= Drive (charity) =

Charitable event for the donation of items

In charitable organizations, a drive is a collection of items for people who need them, such as clothing, used items, books, canned food, cars, etc. Some drives ask that people go through their inventory, bag the items up, and put them in a giveaway bin, or charitable organizations such as Big Brothers Big Sisters, The Salvation Army come to the house and pick them up. They then put the items in their thrift stores or, if they don't have any, sell them to thrift stores to raise money for their organization.

==Used clothing drives==
A used clothing drive is philanthropic activity that requests clothing donations from community members or a network of individuals for the benefit of a non profit group or group of vulnerable people. There are many benefits to organizing a used clothing drive. Used clothing drives divert waste from landfills by giving people an alternative disposal method for unwanted, ripped or stained items. Only 15% of textiles are recycled. Nearly 95% of textiles worn or torn can be recycled.
A used clothing drive can be a fundraising effort for organizations or groups that lack funding such as, Schools, Religious organizations, clubs, Sports Teams and Associations, neighborhoods and, communities.
Donated Items can be given for free to the needy.

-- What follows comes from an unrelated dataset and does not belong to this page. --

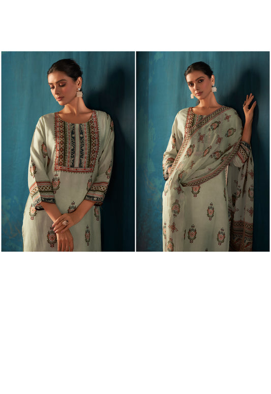 Regular price Rs. 4,995.00Regular priceUnit price / perSale price Rs. 4,995.00Step into serene sophistication with Chaavi – Sage Bloom, a tranquil blend of earthy charm and refined design. This straight-cut kurti in a soft sage tone is made from premium Dola silk, adorned with delicate hand embroidery and graceful digital prints. The perfect ensemble for intimate gatherings, cultural moments, or a poised day look.
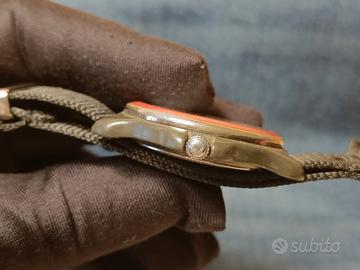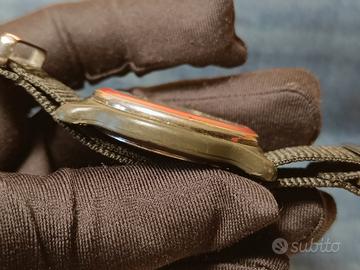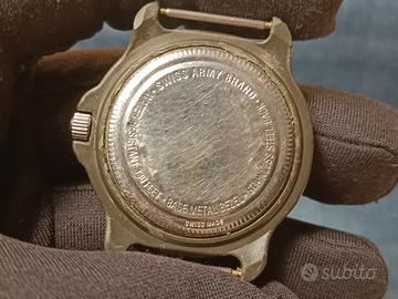 Un pezzo di storia svizzera al polso Nato nel cuore della Svizzera nel 1884, Victorinox è il marchio che ha dato vita al leggendario Swiss Army Knife, simbolo mondiale di affidabilità e ingegneria funzionale. Da questa stessa filosofia -precisione, robustezza e design senza fronzoli - nel 1989 nasce la linea di orologi Swiss Army, pensata per offrire strumenti affidabili, pratici e costruiti per durare. Il modello in vendita Questo orologio Swiss Army incarna perfettamente lo spirito Victorinox: essenziale, leggibile, resistente e con un'estetica senza tempo. La combinazione del quadrante bianco, numeri neri ad alta leggibilità e dettagli rossi tipici del brand lo rende immediatamente riconoscibile. Caratteristiche principali Diametro cassa: circa 39 mm Lug to lug: 43 mm Spessore: 10 mm Quadrante: bianco con doppia scala 12/24h Logo Victorinox Swiss Army a ore 12 Finestra data a ore 3 Cinturino in tessuto resistente e confortevole - Stile: militare, sportivo, quotidiano Le proporzioni compatte lo rendono perfetto per qualsiasi polso, mentre il design pulito e funzionale richiama l'estetica dei primi modelli Swiss Army degli anni '90, oggi molto ricercati dai collezionisti. Perché scegliere un Victorinox Swiss Army - Affidabilità svizzera: movimenti precisi e costruzione robusta - Durabilità superiore: materiali selezionati e test severi - Iconicità: un marchio con oltre 140 anni di storia e un'identità unica - Versatilità: perfetto per uso quotidiano, outdoor o collezione Ideale per Chi cerca un orologio autentico, pratico, con un forte carattere storico e un'estetica militare elegante. L'orologio è perfettamente funzionante e viene venduto con una pila nuova al suo interno. Condizioni come in foto. Cinturino nuovo. Altro nel mio profilo 😄

The most popular ways to organize a used clothing drive are:
1. To collect clothing for donation directly to people in need of the specific items.
2. To collect clothing for sale to non profit organization who will use the resale profits to benefit established community charity initiatives for people who are struggling with addiction, in need of food or shelter, education programs and work experience programs. This method can also be used as a group fundraising effort.

There are many resources on the internet to help groups and clubs organize used clothing drives. These resources provide tips tools and ideas for generating interest and engagement to ensure successful outcomes.